The woman curled over and babbled nonsense, clawing at her rancid belly. Tric climbed down from the reins and stood beside Mia, face grim. The reek of human waste and rotten blood was overpowering. The agony on display too much to bear.
“Mia…”
“I need a smoke,” the girl growled.
She rolled out of the wagon, Tric hopping down beside her as she lit a cigarillo. The wind snatched at her fringe as she sucked down a lungful. Her fingers were crusted with blood. Naev was laughing, bashing the back of her head against the wagon floor.
“We should end it,” Tric said. “It’s a mercy.”
“She told us not to.”
“She’s in agony, Mia. Black Mother, listen to her.”
“I know! I’d have done it yesterturn but she asked me not to.”
“So you’re happy to just let her die screaming?”
“Do I look fucking happy to you?”
“Well, what do we do now? This is the simplest mountain for miles, far as I can see. I don’t see any steeple, do you? We just ride around until we drop of thirst?”
“I don’t know any more than you do. But Naev told us to ride in this direction. That blood werking wasn’t just for shits and giggles. Someone knows we’re here.”
“Aye, the fucking dustwraiths! They’ll hear her screaming miles away!”
“So is it mercy or fear ruling you, Don Tric?”
“I fear nothing,” he growled.
“Mister Kindly can smell it on you. And so can I.”
“Maw take you,” he hissed, drawing his knife. “I’m ending this now.”
“Stop.” Mia clutched his arm. “Don’t.”
“Get off me!” Tric slapped her fingers away.
Mia’s hand went to her stiletto, Tric’s hand to his scimitar. The shadows about her flared, long tendrils reaching out from the stones and swaying as if to music only they could hear.

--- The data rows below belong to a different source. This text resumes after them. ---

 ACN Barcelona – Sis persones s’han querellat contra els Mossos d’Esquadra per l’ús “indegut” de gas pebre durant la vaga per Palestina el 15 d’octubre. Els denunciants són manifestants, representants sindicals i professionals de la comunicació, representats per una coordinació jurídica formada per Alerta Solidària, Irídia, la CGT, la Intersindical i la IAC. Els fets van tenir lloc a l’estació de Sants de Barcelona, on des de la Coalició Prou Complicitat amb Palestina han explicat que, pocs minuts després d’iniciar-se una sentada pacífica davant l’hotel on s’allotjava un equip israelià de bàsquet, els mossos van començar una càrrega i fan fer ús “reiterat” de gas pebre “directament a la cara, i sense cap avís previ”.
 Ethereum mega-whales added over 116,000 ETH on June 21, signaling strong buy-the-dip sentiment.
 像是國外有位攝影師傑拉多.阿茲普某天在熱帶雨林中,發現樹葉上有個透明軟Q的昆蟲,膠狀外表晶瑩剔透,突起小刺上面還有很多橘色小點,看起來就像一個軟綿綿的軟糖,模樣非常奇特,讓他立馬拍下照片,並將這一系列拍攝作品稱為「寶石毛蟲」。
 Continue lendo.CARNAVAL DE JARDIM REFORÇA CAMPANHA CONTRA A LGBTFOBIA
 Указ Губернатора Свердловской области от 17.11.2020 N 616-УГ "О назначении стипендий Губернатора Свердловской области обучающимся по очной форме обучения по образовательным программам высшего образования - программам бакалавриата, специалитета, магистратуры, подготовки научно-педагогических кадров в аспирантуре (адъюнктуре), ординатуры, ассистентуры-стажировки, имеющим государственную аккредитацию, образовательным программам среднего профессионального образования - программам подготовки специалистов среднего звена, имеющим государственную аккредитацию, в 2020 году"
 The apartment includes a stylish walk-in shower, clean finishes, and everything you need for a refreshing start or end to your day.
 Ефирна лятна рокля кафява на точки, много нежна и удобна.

“She’s our only way to find the Church,” Mia said. “It’s my fault those kraken got her in the first place. And she asked me not to kill her.”

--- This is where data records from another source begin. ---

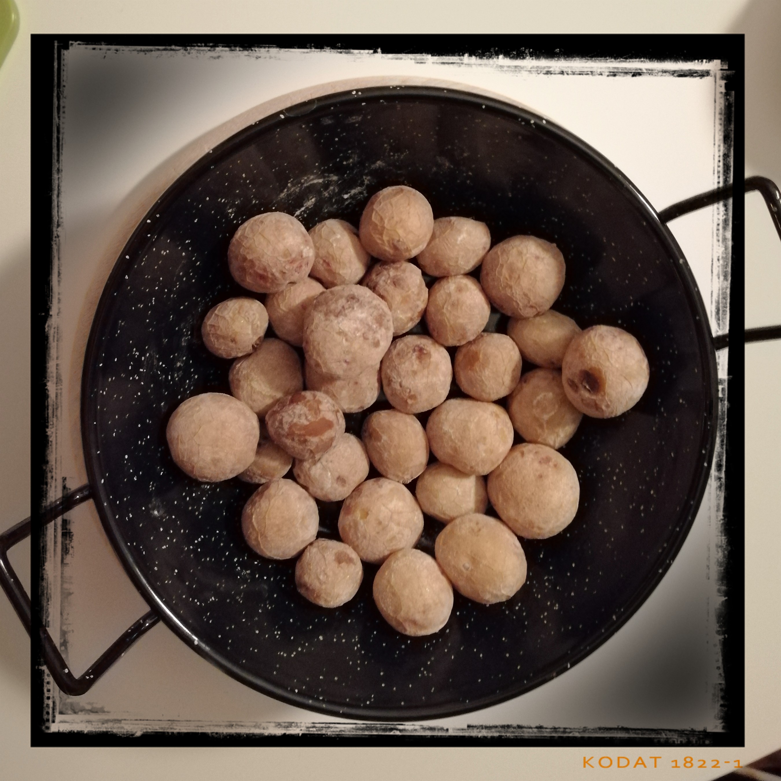 120 g grobes Meersalz hinzufügen und zum Kochen bringen, ca. 20 – 30 Min. – je nach Größe der Kartoffeln – bei mittelschwacher Hitze gar kochen, zwischendurch 2 – 4 mal den Topf mit den Kartoffeln leicht schwenken, dass sich das Salz verteilt, aber auf keinen Fall heftig bewegen oder gar umrühren, dann das Wasser vorsichtig abgießen, dass das Salz erhalten bleibt, anschließend die Kartoffeln in ein hitzebeständige Schüssel oder einen anderen Topf umfüllen und unter ab und zu Schütteln bei schwacher Hitze auf dem Herd oder im Backofen noch 30 Min. trocknen lassen, so dass sie eine leichte Salzkruste bekommen
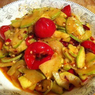 原料:西葫芦、泡灯笼椒、葱、姜、蒜、干辣椒、鲜红椒、红椒粉、泡椒汁。
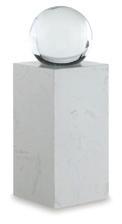 Accent table. Constructed of sand casted aluminum in antique black finish, white marble and clear glass. 1 shelf.
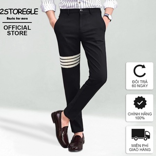 Quần Vải Nam Màu Đen 2STOREGLE Kiểu Dáng Sọc Đùi Trắng Dáng Vừa Phom Đẹp
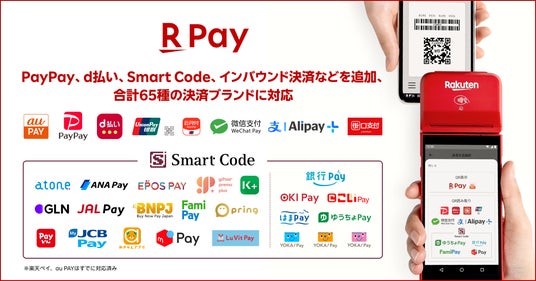 「楽天ペイ」実店舗決済、「PayPay」「d払い」「Smart Code(TM)」、インバウンド決済などを新たに追加、合計65種の決済ブランドに対応
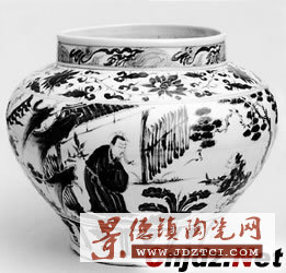 元青花瓷人物題材的作品歷來稀少,據(jù)目前不完全統(tǒng)計,國內(nèi)外僅10余件館藏品,且無一不具有極高的藝術價值。人物題材瓷器的出現(xiàn)和元代戲曲小說與版畫的發(fā)達有著密切的聯(lián)系。當時雜劇、戲劇、歷史故事盛行,景德鎮(zhèn)的工匠將其中有關情節(jié)繪在瓷器上,頗有意趣,從而顯現(xiàn)了一種新的藝術境界。罐的器形正適用于描繪敘事性圖案,因此常繪有元曲或通俗故事。這件元青花大罐上所繪的圖案別具一格,值得一書。

“She couldn’t find her britches for a piss, the state she’s in. And I didn’t promise her a thing.”
“Don’t draw that sword, Don Tric. Things will end badly for both of us.”
“I picked you for a cold one, Mia Corvere.” He shook his head. “I just never knew how much. Where do you keep the heart that’s supposed to be inside your chest?”
“Keep it up and I’ll feed you yours, bastard.”
“Bastard I might be,” Tric spat. “But you’re the one who decides to be a cunt every turn of your life.”